What task are you planning to do?

marty1885 · March 13, 2019, 12:18am

Just plan Temporal Memory for now. But the same structure can also be used for SP and other newer algorithms.

Edit: I think I misunderstood your question. I’m planing on doing anomaly detection on an embedded platform.

marty1885 · March 13, 2019, 5:37am

After some analysis. We found that HTM really needs a entire new architecture to be fast. Slapping a FPGA on the problem doesn’t fix anythig. The performance bottleneck by DRAM access.

FPGAs are good when the calculation/memory access ratio is goof, like what a DNN needs. But HTM only does simple calculations with lots of RAM access.

Using the traditional memory/processor architecture. In our best case

16-bit 800MHz DDR3 Memory
FPGA @ 200MHz (almost the limit on a embedded system)
assuming DMA transfers has 0 delay while gathering 4 bytes per cycle (100% memory bandwidth)
CPU does nothing, using no memory bandwidth
All synapses live on the DRAM, stored as 4 byte integers (no perm values, inference only)
Store all TM state stored on on-chip block RAM (1 cycle r/w simultaneously)

So to run a 2048 column, 16 cell per column, 256 synapse per cell TM; there are 2^23 synapses. Since we can get 1 synapse per cycle. We need 2^23 cycles, or 0.04194304s to perform one TM prediction. And this is the absolutely optimal speed, in reality we will be lucky to get even 50% of the memory bandwidth due to CPU and other interferences. While sure, I don’t need to access the entire synapse list but the connected ones, but just to keep the calculations simple here.
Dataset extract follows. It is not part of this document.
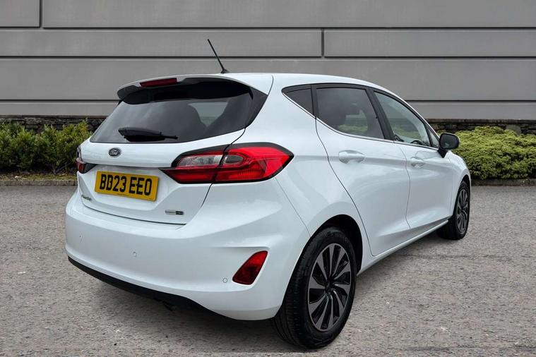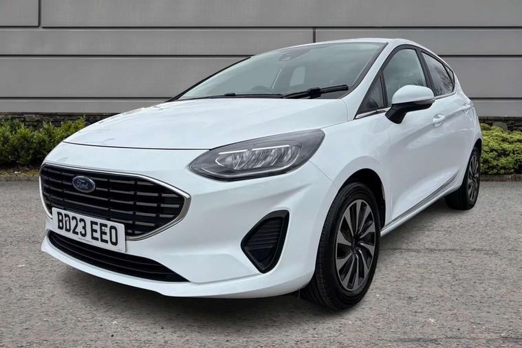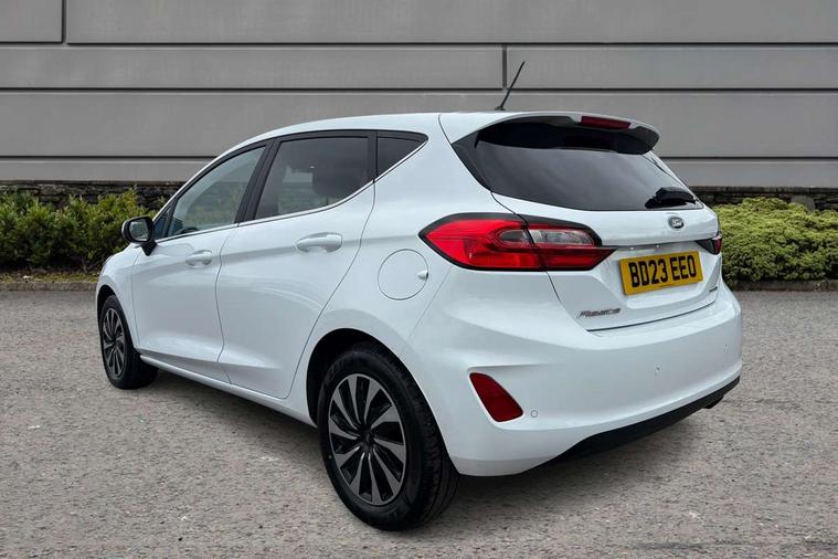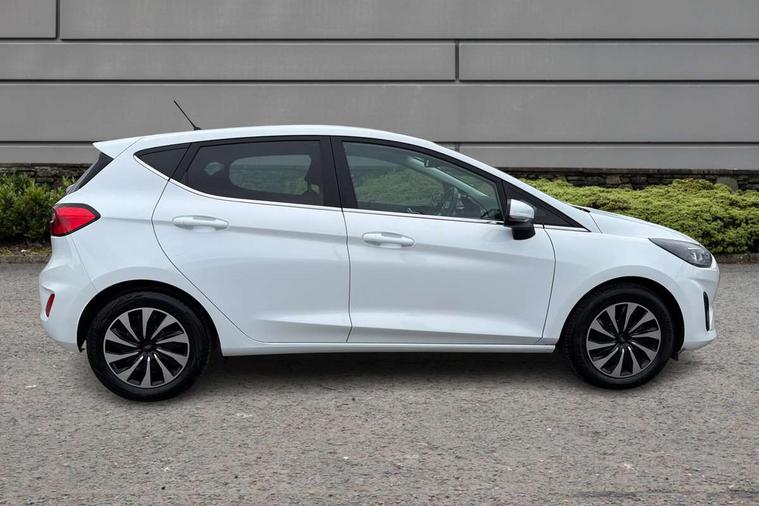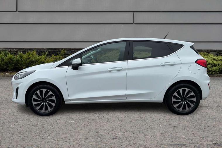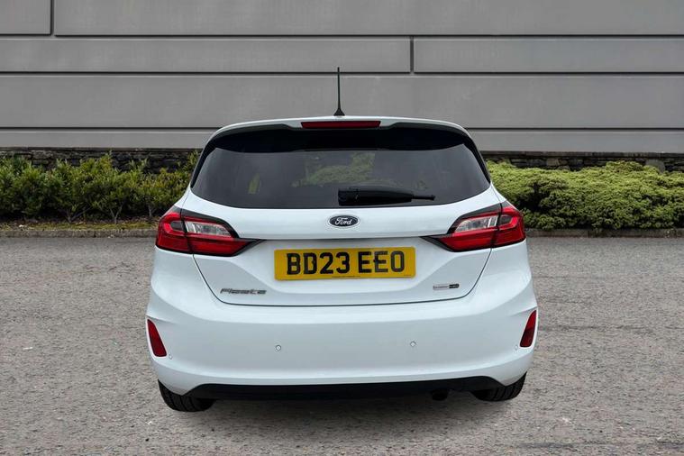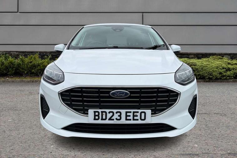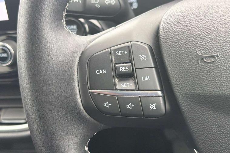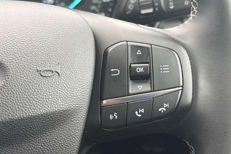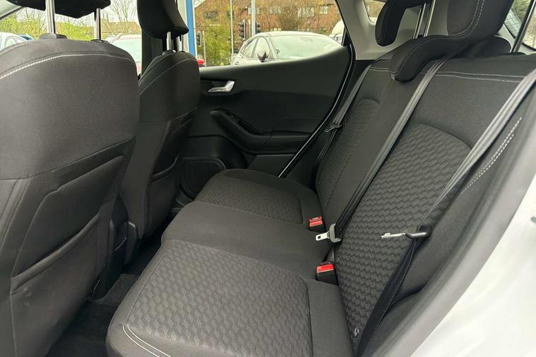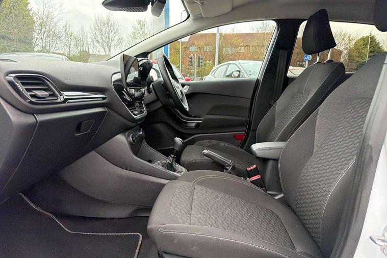 Bluetooth system, Electric power steering, Ford easy fuel, Ford SYNC 3 Navigation system incl 8" touchscreen, 7 speakers, FordPass connect, Apple carplay, android auto, voice control and emergency assistance, Rear parking distance sensors, Selectable drive modes (Normal, Sport, Track), Trip computer, 2 USB ports, Auxiliary input socket, DAB Digital radio, Steering wheel mounted controls, Body colour bumpers, Body colour door handles, Body colour rear spoiler, Body coloured electrically operated and heated door mirrors with side indicators, Chrome beltline trim, Chrome front grille, Chrome lower window surround, Cornering front fog lights, Electric front windows/one touch facility, Electric rear windows, Quickclear heated windscreen, Rain sensing wipers and auto dimming rear view mirror, Rear privacy glass, Rear wiper, 3 spoke leather trimmed steering wheel with audio control, 60/40 split folding rear seat, Adjustable head restraints, Boot carpet, Centre console with opening armrest, 2x cupholders, 12v and USB, Chrome inner door handles, Cloth upholstery, Footwell illumination, Front floor mats in velour, Front map reading lights, Front seat and rear pockets, Illuminated glovebox, Leather gaiter, Load area light, Luxury woven headliner, Manual 2 way passenger seat adjust, Manual 4-way driver seat adjust, Manual air conditioning, Overhead console with sunglasses holder, Pollen filter, Rake/reach adjustable steering wheel, Sensico wrapped steering wheel, NCAP Pack - Fiesta, 3 point seatbelts on all rear seats, ABS+EBA, Curtain airbags, Driver and passenger airbags, Drivers knee airbag, Electronic stability control with hill start assist, Front passenger airbag deactivation, Front side airbags, Seatbelt warning, Two tone horn, Tyre pressure monitoring system, Keyless start with 'Ford Power' starter button, MyKey system, Remote central locking & engine immobiliser, Thatcham Cat.1 alarm, 16" 10 spoke alloy wheels,

I think a more neuromorphic design is needed to run HTM fast. Maybe have to lot of small cores with their own SRAM attached to simulate columns and connected via a NOC. But I’m not sure that weather I have enough time to implement that for my contest. Getting such design working may as well be a Master’s degree thesis.

sunguralikaan · March 13, 2019, 1:01pm

Totally agreed.

Sounds like we need a brain to simulate the brain properly

MAK · March 13, 2019, 4:05pm

Hii,
why not using with GPU for that task ?
I think the new GPU architecture answer > to your wishes

lot of small cores with their own SRAM attached to simulate columns and connected via a NOC

marty1885 · March 13, 2019, 4:21pm

Well… good tought! But no, although GPUs are massively parallel and indeed contains a NOC. There’s no way to send messages programmaticly across the NOC to other cores. Further more, GPUs although advertised as having 4096 cores. They in fact have serval core-clusters. In which the cores perform generally the same task. (That’s where the name Vega 64 come from for AMD’s high end card. There are 64 clusters) But for HTM, we want the core capable of doing different things.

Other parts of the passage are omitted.